All lines below containing the string "движения" are to be copied.

-- -- --

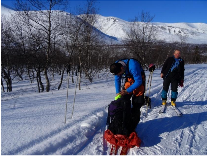
Фото 16. Группа на привале через 40 минут движения в д/р Кунийок. Фото на северо-запад.

Дорога в д/р Кунийок проходит по правому берегу, широкая, укатана лыжниками и снегоходами. Направление дороги север-юг, направление движения до подъема на перевал – юг, при спуске и возвращении в лагерь – север.
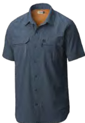
478 DARK MOUNTAIN
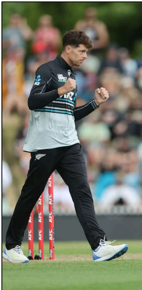
শ্ৰীলংকাৰ বিৰুদ্ধে নিউজিলেণ্ডৰ বলাৰ মিশ্বেল ছান্টাৰৰ উল্লাস, বুধবাৰে
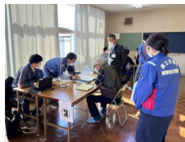
用地個別説明状況 ▶

常陸大宮市小貫南地区にて、河道掘削・堤防整備にご協力いただく地権者を対象とした、用地個別説明会を令和4年11月27日(日)及び28日(月)に行いました。説明会では、計36名の方にお越しいただき、新型コロナウイルス感染症対策に配慮しながら、地権者の方ひとりひとりに令和4年2月に実施した境界立会の用地・物件の調査結果を基に補償説明をさせていただきました。

-- -- --

● ANSWER TO THIS PROBLEM
Фото 16. Группа на привале через 40 минут движения в д/р Кунийок. Фото на северо-запад.
Дорога в д/р Кунийок проходит по правому берегу, широкая, укатана лыжниками и снегоходами. Направление дороги север-юг, направление движения до подъема на перевал – юг, при спуске и возвращении в лагерь – север.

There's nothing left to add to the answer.